Мы знаем, конечно, всех известных возвращенцев: Билибина, Прокофьева, Коненкова, Цветаеву, Вертинского. Мне кажется, что творческие люди в эмиграции больше страдают ностальгией, чем простые люди, которые легче пускают корни в чужую землю. Мне лично пришлось встретить нескольких интеллигентных людей, которые физически не могли освоиться на чужбине. Им противен был не только чужой язык, но и сама природа, окружающие люди, чужая ментальность. Может быть, в этом виден максимализм русской души, или преклоняющейся перед Западом или целиком его отрицающей. “Широк русский человек, надо бы его сузить”, – сказал Иван Карамазов. Но во многих случаях этого не требуется, узость существует от природы. Вспоминаю тут одного знакомого Сергея Королькова. Почувствовав, что в Америке он жить не может, он пошел в советское консульство и попросился домой. “Мы тебя посадим”, – сказали ему. “Отсижу”, – ответил возвращенец. Другой чертой характера некоторых эмигрантов было полное неприятие “всего советского”. Наблюдалось оно чаще всего среди старых офицеров и их детей, выросших за границей в традициях царской России. Как-то я рассказал одному эмигранту из Югославии, как мальчиком любил ходить в Кировский театр в Ленинграде на постановки “Лебединого озера” и “Спящей красавицы”; тот с усмешкой ответил: “Воображаю, как выкаблучивали там ваши доярки и свинарки!”

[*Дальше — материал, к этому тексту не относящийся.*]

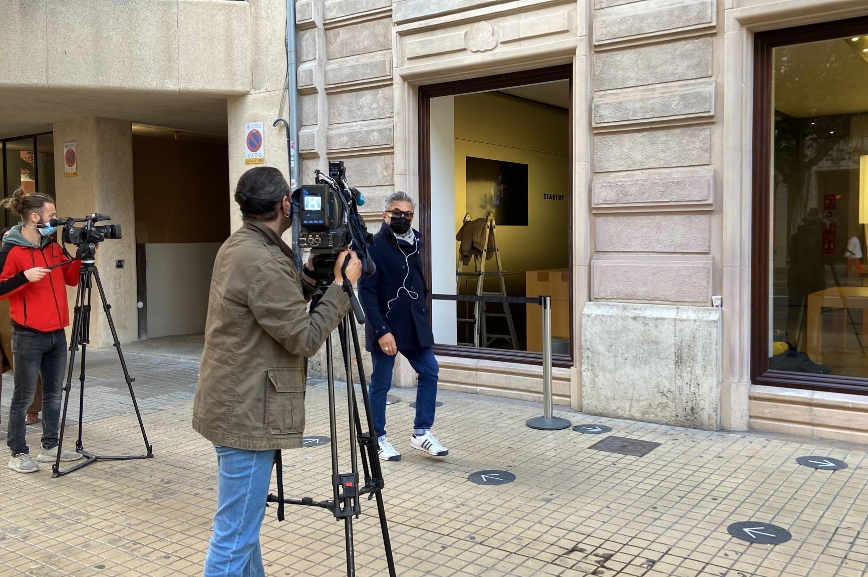 Diversos transeúntes pasean frente a la fachada principal de Apple Valencia. / MANUEL SEGUÍN

Наконец, была группа людей, симпатизирующих советской власти, но в Советский Союз благоразумно не возвращающихся. Мы их называли “подкоммунивающими”, и одним из них был милейший человек, художник Федор Степанович Рожанковский, блестящий иллюстратор детских книг. О нем я расскажу позже. “Подкоммунивали” и американцы; один из них – мой первый босс Тони Хехт, художественный директор литографической фирмы. Он благоволил ко мне, потому что я был из Советского Союза, страны, которую Тони, социалист, глубоко уважал. Очень радовало его и то, что я читал Джека Лондона, одного их первых американских социалистов, с которым дружил отец Тони, тоже убежденный социалист и враг капитализма. Антиклерикал и атеист, Тони обладал характером ворчливым, но при этом имел мягкое и отзывчивое сердце, которое сполна содержало в себе то самое “беспризорное добро”.
РОМАН БОРИСОВИЧ ГУЛЬ
Расскажу теперь о моем знакомстве с Романом Борисовичем Гулем. Известен он не только как долголетний главный редактор “Нового Журнала”, но и как писатель, публицист и вообще весьма замечательная и колоритная фигура в русской эмиграции. Не мне давать ему характеристику как творческому человеку, и я ограничусь чисто личными впечатлениями. Твердый и непоколебимый в своих убеждениях, он не был сухим идеологом, обладал большим чувством юмора и широтой восприятия. Мог быть резок в оценках. Так, например, он охарактеризовал одного человека, как “г… в перчатках”. С другой стороны, поговорив как-то с перебежчиком из СССР, бывшим следователем КГБ, Роман Борисович сказал мне: “Конечно, он отвратительная личность, но, знаете, Сергей Львович, в нем было и что-то симпатичное”. Такое понимание непредсказуемой славянской души редко встречается не только у эмигрантов, но и у людей вообще. А про своего друга, известного меньшевика Бориса Николаевского, никогда, по словам Гуля, не возвращавшего данных ему на прочтение книг, Роман Борисович уточнял: “Но это не воровство, а преступление на почве страсти, – все равно как отбить у друга жену”.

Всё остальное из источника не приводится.